**TRY IT:** In this exercise, print only the lines of the records below from the one with "第二位分享心得的营员孙猛来自" through the one with "999签到勋章拿到!撒花! 连签365天", inclusive. Pictures are not part of the copy.

**DATA SECTION:**
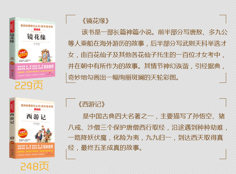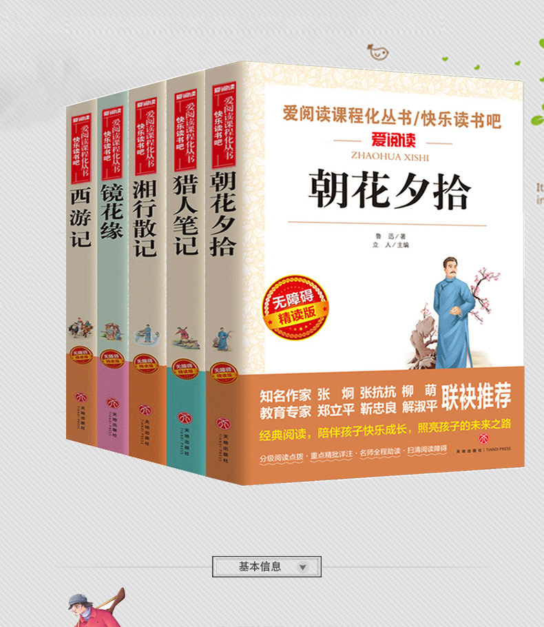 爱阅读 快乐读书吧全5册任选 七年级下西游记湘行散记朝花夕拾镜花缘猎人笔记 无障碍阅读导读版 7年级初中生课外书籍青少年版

---

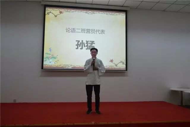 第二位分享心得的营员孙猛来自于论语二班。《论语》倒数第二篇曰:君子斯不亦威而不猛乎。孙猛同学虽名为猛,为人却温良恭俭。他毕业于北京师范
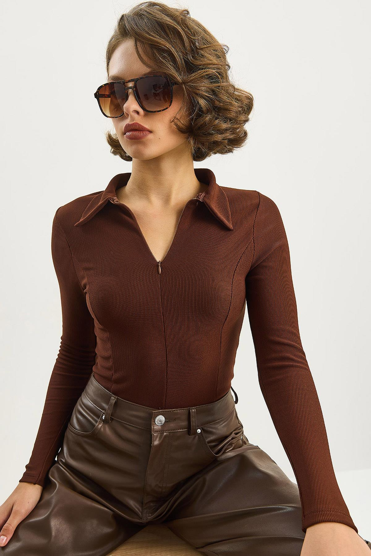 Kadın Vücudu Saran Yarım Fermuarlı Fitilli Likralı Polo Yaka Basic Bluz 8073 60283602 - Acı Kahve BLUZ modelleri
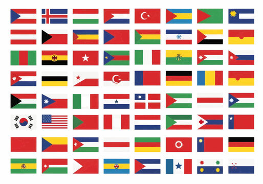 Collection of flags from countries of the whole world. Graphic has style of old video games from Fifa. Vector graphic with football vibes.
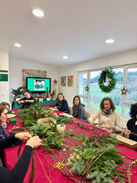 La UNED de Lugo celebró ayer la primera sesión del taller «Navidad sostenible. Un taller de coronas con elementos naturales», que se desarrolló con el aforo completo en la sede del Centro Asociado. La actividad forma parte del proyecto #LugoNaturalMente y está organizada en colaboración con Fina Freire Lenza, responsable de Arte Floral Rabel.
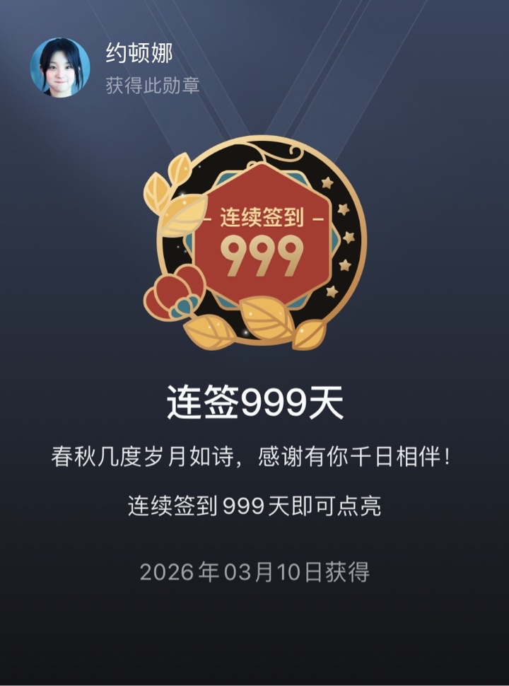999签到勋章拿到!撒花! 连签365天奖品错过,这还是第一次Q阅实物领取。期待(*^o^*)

==

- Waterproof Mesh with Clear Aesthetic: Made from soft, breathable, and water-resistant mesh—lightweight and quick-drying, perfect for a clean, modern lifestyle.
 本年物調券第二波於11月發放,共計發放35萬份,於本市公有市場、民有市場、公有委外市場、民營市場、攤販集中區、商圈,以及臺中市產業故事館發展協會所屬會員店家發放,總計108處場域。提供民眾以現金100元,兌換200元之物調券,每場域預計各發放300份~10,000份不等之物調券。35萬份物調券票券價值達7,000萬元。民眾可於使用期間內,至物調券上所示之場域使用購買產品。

**OUTPUT FOR THIS TASK:**
 第二位分享心得的营员孙猛来自于论语二班。《论语》倒数第二篇曰:君子斯不亦威而不猛乎。孙猛同学虽名为猛,为人却温良恭俭。他毕业于北京师范
 Kadın Vücudu Saran Yarım Fermuarlı Fitilli Likralı Polo Yaka Basic Bluz 8073 60283602 - Acı Kahve BLUZ modelleri
 Collection of flags from countries of the whole world. Graphic has style of old video games from Fifa. Vector graphic with football vibes.
 La UNED de Lugo celebró ayer la primera sesión del taller «Navidad sostenible. Un taller de coronas con elementos naturales», que se desarrolló con el aforo completo en la sede del Centro Asociado. La actividad forma parte del proyecto #LugoNaturalMente y está organizada en colaboración con Fina Freire Lenza, responsable de Arte Floral Rabel.
999签到勋章拿到!撒花! 连签365天奖品错过,这还是第一次Q阅实物领取。期待(*^o^*)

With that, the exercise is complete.